Research - kstrack-grose/Git-Project GitHub Wiki

Virtual Machines

VM:
Conclusion: if we have to use on of these, we’re fucked, because there’s no way we’ll be able to fully understand it in time, let alone create one. That would be an entire semester in itself. However, the research was useful in that it seemed to indicate that virtual machines, at least in relation to git-based software, are used to create a code hosting repository on a local machine, accessible through a local network only. maybe. I’m not entirely sure. However, I see no reason why it will be more efficient to use a VM for this particular project, so I think we’ll be okay.

hypervisors (virtual machine monitors; creates and runs VMs) are v important
http://en.wikipedia.org/wiki/Hypervisor

http://www.oracle.com/technetwork/java/javase/tech/index-jsp-136373.html
http://en.wikipedia.org/wiki/Virtual_machine
http://www.griffincaprio.com/blog/2006/08/virtual-machines-virtualization-vs-emulation.html
http://www.oracle.com/technetwork/java/whitepaper-135217.html#overview
http://en.wikipedia.org/wiki/Temporal_isolation_among_virtual_machines
http://en.wikipedia.org/wiki/Abstraction_layer
http://en.wikipedia.org/wiki/Computer_cluster
messaging system: http://en.wikipedia.org/wiki/Message_Passing_Interface???

Repos!

This is what I've gathered so far, let's hope I didn't completely misunderstand it. So what is a repository? Basically, it's a file server, a storage space that allows multiple parties to access the same information and edit it. But since repos are a part of a Version Control System (http://git-scm.com/book/en/Getting-Started-About-Version-Control), clients accessing a repository get the latest version of whatever was edited, and can then also access the history of different versions. Basically, when you commit something, you are sending the latest version of a file (or whatever) to the repo which then makes it available to other users. From the latest commit, you can go back along a line (or branch) of commits all the way to what's called the HEAD, or the root commit, which is the first thing ever added to the repository. This structure is called a filesystem tree. If you click on the "Network" icon on the right of our repo, GitHub provides a nice visual of what this looks like. Also, more about the structure of a repository here (http://svnbook.red-bean.com/en/1.7/svn.basic.version-control-basics.html#ftn.idp7110832), I found this super helpful.

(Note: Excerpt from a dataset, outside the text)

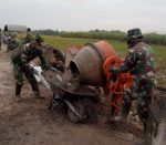 Terlihat mahir Pelda Mardiyono dibantu satu orang lainnya menyediakan adonan pasir bercampur semen yang nantinya akan digunakan sebagai bahan utama betonisasi jalan yang membentang sepanjang 1450 meter.Kamis,(17/06/2021).

Now before we create a repository we first have to ask: Are we using Git or Subversion (two Version Control systems)? If so, it's pretty simple. Both Git and Subversion can be installed on our network, and then there are established commands that do what we want. Literally, if we use Git, we just type 'git init' in whichever directory we want the repo to exist (http://git-scm.com/book/en/Git-Basics-Getting-a-Git-Repository). Once we did that, we'd want to make the repo available to others, which is also pretty simple, but making it run efficiently requires some more work. If you look at the 'chapters' link at the head of the page from the last link they have more information on that. There's also an index of commands there, and GitHub has a glossary of git commands as well. (http://git-scm.com/book)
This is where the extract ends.